As a mom, I let Mikay talk back to me as long as:
1. She doesn't hit me with anything, no throwing of toys or what not
2. She doesn't say anything foul (bad words, or anything that personally attacks me and not the issue)
3. She explain her side and point well
1. She doesn't hit me with anything, no throwing of toys or what not
2. She doesn't say anything foul (bad words, or anything that personally attacks me and not the issue)
3. She explain her side and point well
My point is, I let her tell me why she's upset or angry rather than tell her to not shout at me or answer me bc I'm her mom. For me, my daughter is human so she's capable of being angry and invalidating her right to be angry will just damage our relationship
I let her shout, I let her cry if she wants to, she even glares (wc honestly make me feel uncomfortable) but she's angry. So she has to release her anger. Its better for me to know why she's angry so I'll be able to change my ways
Likewise, I don't hide my emotions to her, although of course, unlike her, I control mine. But I tell her I'm angry and explain to her why. She'll sometimes ask me why I'm shouting and I'll tell her straight up, because I'm angry and then explain to her why. And if I'm too angry
I'll leave her for a while and be alone to control my emotions before explaining to her. She does this too. She'll get so angry, walk out, stay in the room and then think. She'll come out and say "I'm sorry I got angry..." and then explain why she was angry
Unlike the traditional "wag mo kong tatalikuran, kinakausap pa kita", i let her leave. I let her cool down and think. And if she apologize, I ask her the question "why". Why are you apologizing? Why did you do that? I want her to know what she did wrong and not just
Apologize to not make me angry anymore. Likewise, I apologize if I shouted at her or gone way overboard, and then again, explain why I got mad.

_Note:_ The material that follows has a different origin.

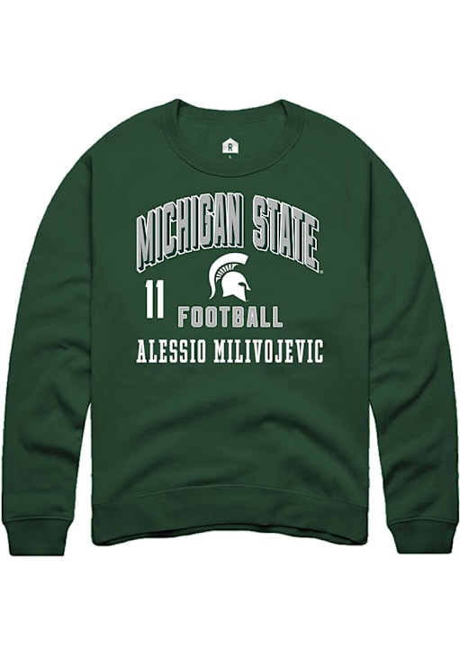 Gear up for the ultimate game day experience with this remarkable Michigan State SpartansMens Green NIL Arch Logo Crew Sweatshirt! Designed with the true fan in mind, this Spartans Long Sleeve Crew Sweatshirt features a NIL graphic. Stay warm and comfortable with this Mens MSU Spartans Crew Sweatshirt.

You see, being a parent is hard, especially in this generation where we want to correct the past generation's way of handling their children. I grew up holding my emotions to myself, and it is painful. I still carry the wounds until today. I dont want Mikay to experience the same
So I'm trying my bestest to educate her, be open-minded and understanding, and not invalidate her feelings too. I'm not perfect and I'm kinda doing this discipline thing alone. Its hard to discipline a child when you had a rough childhood. So to my future parents out there:
Good luck! And don't do to your children the things that traumatized you. Save them from the pain you went through.
Hi, its me once again
i thought this post has died down already, but it has come to my attention that this thread has reached FB which I'm totally not against. But please, kindly censor my and my daughter's name. There is a reason why I posted it here on Twitter instead of FB

As much as I want to impart knowledge to future parents , I also want to maintain a little privacy for me and my child. Although Twitter is also a public place, i must admit that people here are open minded and more welcoming.
Another reason is because my family, who also belong to the boomer generation is also there and I don't think they'd be happy to see my name lecturing about "talking back"
I hope you understand my situation. I also understand that you want to give credit for my thoughts, but this is my only condition. Thank you!